Signals were presented to listeners over Sennheiser HD 650 headphones in a double walled soundproof booth after having been digitally mixed, D/A converted, and amplified using a Lynx TWO sound card. A graphical interface was displayed on a computer screen outside the booth window. A keyboard and a computer mouse were inside the booth to interact with the interface and gather the transcripts.

3 Listeners

Listeners self-reported normal hearing and French as their native language and were paid for their participation. Eight listeners took part in each sub-experiment. Within each experiment, no listener participated at both sub-experiments since the target sentences used in each sub-experiment were the same.

4 Results

4.1 HP Target

Figure 1 presents the SRTs measured in the presence of a HP-filtered target as a function of the filter attenuation in the low-frequency region. SRTs first increased linearly from 0 to 15-dB attenuation and then remained constant for further attenuations. Intelligibility was not disrupted any longer after filtering out the target by 15-dB attenuation. A one-factor repeated measures analysis of variance (ANOVA) was performed on the experimental data, showing a main effect of the filter attenuation [F(7,7) = 10.58; p < 0.001]. Tukey pairwise comparisons were performed on the data: none of the SRTs from 10-dB attenuation to 35-dB were significantly different from each other. By fitting a broken stick function on the experimental data, the floor value was determined at 13-dB attenuation and the slope of the linear increase of SRT was 0.53 dB SRT/dB attenuation. The same fitting process has been used in each experiment to determine the slope and the floor (or ceiling) value.

4.2 LP Target

SRT measurements in the presence of a LP-filtered target are plotted in Fig. 2 as a function of the filter attenuation. As in the HP case, SRTs increased linearly with a slope of 0.48 dB SRT/dB attenuation, but unlike the HP case, SRTs kept increasing until a floor value of 37-dB attenuation. Intelligibility remained at a SRT of about 10 dB for further attenuations. A one-factor repeated measures ANOVA was performed on each sub-experiment independently. In both sub-experiments, a main effect of attenuation was observed [F(7,7) > 16.2; p < 0.01]. Post-hoc Tukey pairwise comparisons were performed on the data of each sub-experiment. In sub-experiment A (filled circles), the four SRTs at the highest level of attenuation (20, 25, 30 and 35 dB) are not significantly different from each other. In sub-experiment B (open circles), the six SRTs at the highest attenuation level (23, 28, 33, 39, 42 and 45 dB) are not significantly different from each other.

4.3 HP Masker

SRTs measured with a HP filtered masker are presented as a function of the filter attenuation in Fig. 3. SRTs decreased linearly with a slope of ‑0.65 dB SRT/dB attenuation indicating an improvement of speech intelligibility by filtering out the low frequencies in the masker signal. At 43-dB attenuation (ceiling value), SRTs stopped decreasing and presented an asymptote at about ‑35 dB. A one-factor repeated measures ANOVA indicated a significant main effect of the filter attenuation on speech intelligibility [F(7,7) > 41.8; p < 0.01 in each sub-experiment]. Tukey pairwise comparisons were performed on the dataset of sub-experiments A and B. In sub-experiment A (filled circles), only the pairs of SRTs at the attenuations 30/25, 10/15 and 0/5 were not significantly different. All the other pairs of SRTs were significantly different from each other. In sub-experiment B (open circles), SRTs for 0 and 20-dB attenuation were significantly different from each other and all SRTs obtained for 40-dB attenuation at 40 dB and above were not significantly different from each other.

4.4 LP Masker

Figure 4 presents the SRTs measurements obtained in the presence of a LP filtered masker as a function of the filter attenuation.
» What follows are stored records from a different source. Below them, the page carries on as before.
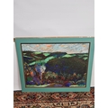 A framed chalk picture of a multicoloured desert landscape i...
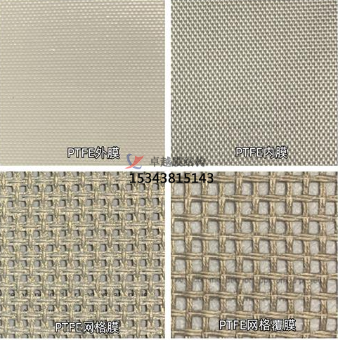 PTFE 網(wǎng)格覆膜:是在 PTFE 網(wǎng)格膜之上增加一層透明膜,如 PTFE、ERT 透明乳膠、ETFE 等,在保持高透光的同時,還能起到防雨防水的作用。
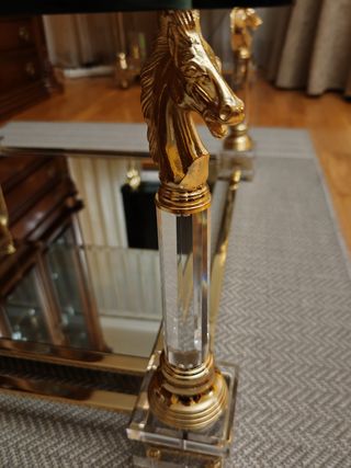Mesa de centro cristal y metal dorado
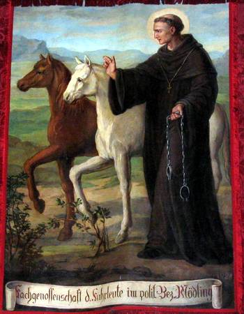 Rechts vom Altarraum befindet sich eine Fahne der Fuhrleute mit folgenden Aufschriften: 17 S. OTHMARE ORA PRO NOBIS 73 Fachgenossenschaft d. Fuhrleute im polit. Bez. Mödling Die Fahne stammt aus dem Jahr 1773, die Bilder jedoch aus der Zeit 1860 bis 1900. Die Fahne wurde nach 1982 restauriert. Während sich die Aufschrift auf den hl. Othmar bezieht, dürfte es sich in der bildlichen Darstellung mit Pferden und Kette um den hl. Leonhard von Noblat handeln. Dieser gilt u.a. als Schutzpatron der Gefangenen und der Fuhrleute. Information über den hl. Leonhard... Auf der Rückseite der Fahne befindet sich eine Darstellung der hl. Barbara mit der Aufschrift: Laudet sanctissimum altaris sacramentum Information über die hl. Barbara... |
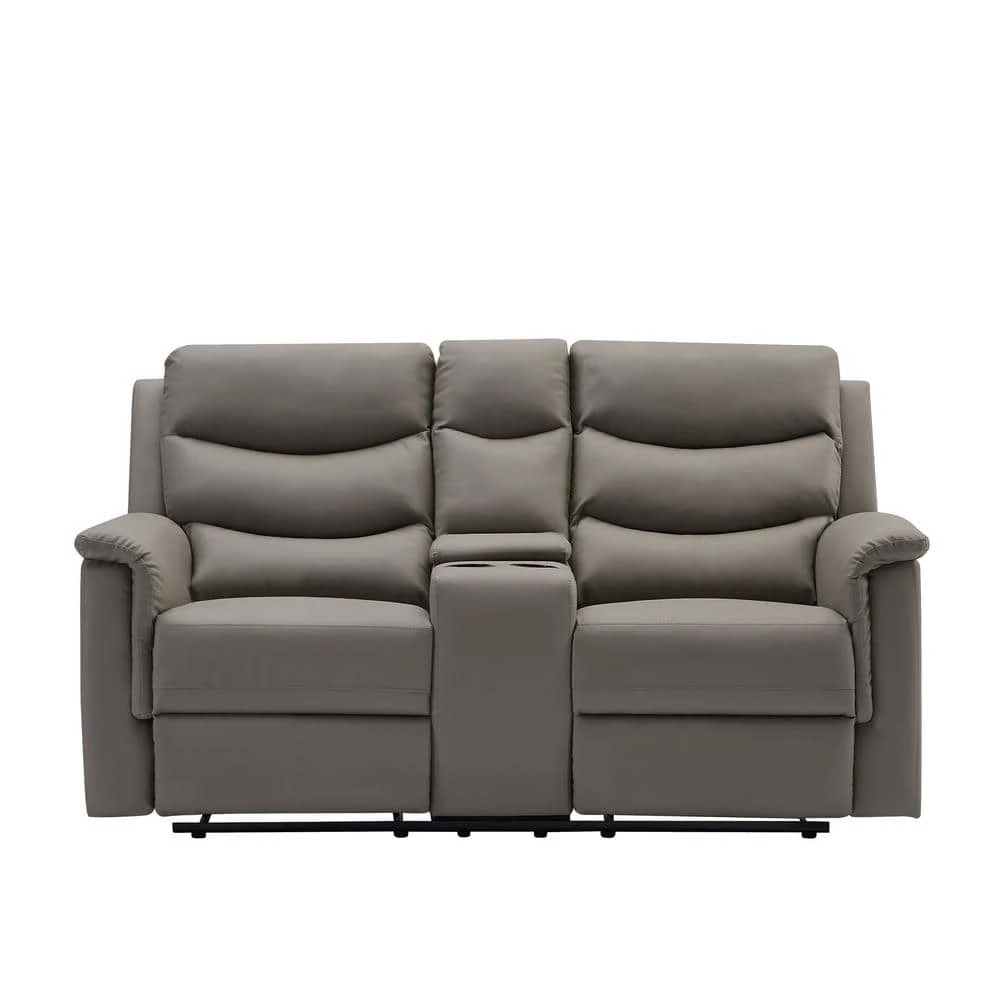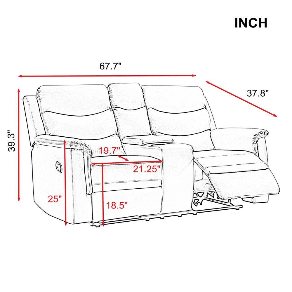 This manual reclining loveseat is made of solid wood, manufactured wood and metal. The seat is constructed of solid wood, pocket spring, foam and PU leather. The back is filled with foam. All contens are packed in 1 boxes.
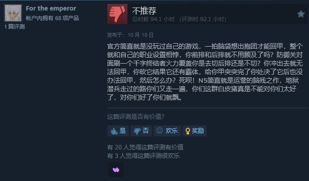 这里提到的前车之鉴就是由 Arrowhead 开发的《绝地潜兵2》。同样是合作 PvE,同样是对抗外星虫子向宇宙散播人类的光辉,《绝地潜兵2》在持续不知悔改的推出多个削弱补丁后,遭到了玩家的狠狠“敲打”,先后多次遭受了“差评轰炸”,终于在最近的两次更新中顺从了玩家一直以来提出的各种补强要求。两款游戏都有着不错的开局,但是在有这种先例的情况下,开发者又要对着 PvE 模式中原本就不平衡的玩家强度砍一刀,而不是让玩家在游戏里获得爽感,这让许多人特别失望,纷纷表示跟谁学不好非得和箭头学。
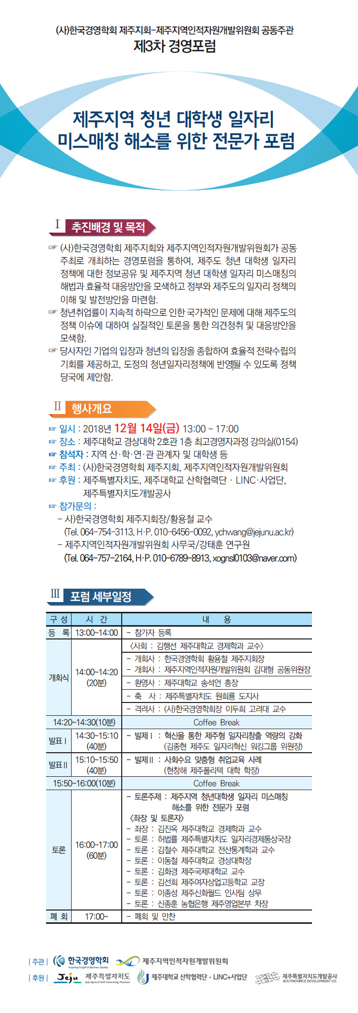 [한국경영학회] 제주지회 2018 제3차 경영포럼 안내 (12/14(금) 개최)
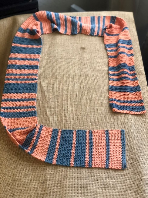 This simple scarf is crocheted using 2 contrasting colours. The unique aspect of this scarf is that the stripes are not part of a repeating pattern, they spell out

As in the HP case, SRTs linearly decreased with attenuation until the ceiling value of 36-dB attenuation. For further attenuations, SRTs were constant at about ‑35 dB. The slope of the linear decrease of SRTs was ‑0.76 dB SRT/dB attenuation. A one-factor repeated measures ANOVA was performed on the data from each sub-experiment independently. A main effect of the filter attenuation was found [F(7,7) > 44.5; p < 0.01], which was further investigated by performing Tukey pairwise comparisons on the dataset from each sub-experiment. In sub-experiment A (filled circles), all pairs of SRTs were different from each other except for those corresponding to an attenuation at 38 dB and above. In sub-experiment B (open circles), none of the SRTs between 34-dB and 65-dB attenuation were significantly different. SRTs obtained for lower attenuations were all significantly different from each other.

5 Discussion

In each experiment, speech intelligibility was strongly influenced by the SNR in a specific band. However, SRTs were not affected any longer beyond a certain attenuation level (floor or ceiling values) and remained constant. The floor/ceiling values observed in these experiments are not in agreement with the SII assumptions, except when the target was HP-filtered. In this specific case, the results suggested a floor value at 13-dB attenuation. The results from the other experiments suggested a larger range of SNRs contributing to speech intelligibility [‑37 dB; 43 dB]. When the target is filtered, the floor value seemed to be frequency-dependent in contrast to the SII approach which proposes the same SNR range in each frequency band. It is worth noting that the SII standard was not designed for sharply filtered speech or sharply filtered noise such as the stimuli used in the present study. The SII is then not expected to predict the data presented here but other values for the ceiling and floor SNRs than those proposed by the standard are needed to describe speech intelligibility of sharply filtered signals.

Changing the filter type (HP or LP) had a small influence on the slope of the linear increase (or decrease) of SRTs before reaching the asymptote, confirming that the chosen low and high frequency regions contributed equally to speech intelligibility. But, the results showed that filtering the masker seemed to have a larger impact on speech intelligibility than filtering the target. SRTs were not symmetrical as the SNR was varied up or down with the same amount. The benefit was greater when the filtered part of the noise decreased rather than when the filtered part of the target increased. This result questions the uniformly distributed importance over the [‑15; + 15] interval adopted by the SII and suggests that a greater importance should be attributed to positive SNRs compared to negative SNRs.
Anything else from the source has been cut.